Kentucky's public schools are getting safer, a report released Monday suggests.
The 11th annual Kentucky Safe Schools Data Project, compiled by the Kentucky Department of Education and Kentucky Center for School Safety, reviewed levels of disciplinary actions against students for violating school-board policies and certain criminal laws as indicators of overall safety in public schools.
According to the report, student disciplinary actions for school board policy violations fell from 80,481 in the 2005-06 school year to 62,917 in 2009-10, a decline of more than 20 percent.
Policy violations included fighting, disturbing class, defying authority, making threats or inappropriate sexual behavior.

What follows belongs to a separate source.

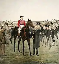 For the Derby at Epsom on 3 June, Marsh decided, perhaps in view of Persimmon's known temperament problems, to saddle the colt near the start, missing the traditional parade in front of the stands.[8] Persimmon started the 5/1 second choice in a field of eleven, with St Frusquin the 8/13 favourite. Ridden by John Watts, Persimmon was held up at the back of the field in the early stages as Bay Ronald and Gulistan made the running. Watts moved him forward steadily and he turned for home in third place behind Bay Ronald and St Frusquin, and the race soon developed into a match between the first and second favourites. St Frusquin had a slight advantage until the final furlong but Watts then made his challenge and Persimmon took the lead and ran on strongly to take the race by a neck,[15] winning rather more easily than the margin suggested.[16] The first royal victory for more than a century was greeted with prolonged and "deafening"[17] cheering and "tremendous enthusiasm",[18] with the police having difficulty clearing a way through the crowds for the Prince to lead in his winner.[19] Persimmon's winning time of 2:42.0 broke the race record by a full second.[20]

The fall in policy-related disciplinary measures is "particularly encouraging" because it represents five straight years of decline, the report said.
The annual survey also shows that disciplinary actions against students for "Part 1 law violations" totaled 225 in 2005-06, then rose slightly during the next three years before returning to 225 in 2009-10. Those include robbery, aggressive assault, larceny and vehicle theft, the report says.
Jon Akers, executive director of the Richmond-based Kentucky Center for School Safety, said the generally promising numbers reflect years of effort by Kentucky educators to make schools safer.
"We are having problems, but they are fewer than we were experiencing five or 10 years ago," Akers said. "There's been a major emphasis in Kentucky school districts for the last 11 years to look at issues affecting violations ... and I think the improvement is attributable to all the hard work that people have done to keep school safety issues on the front burner."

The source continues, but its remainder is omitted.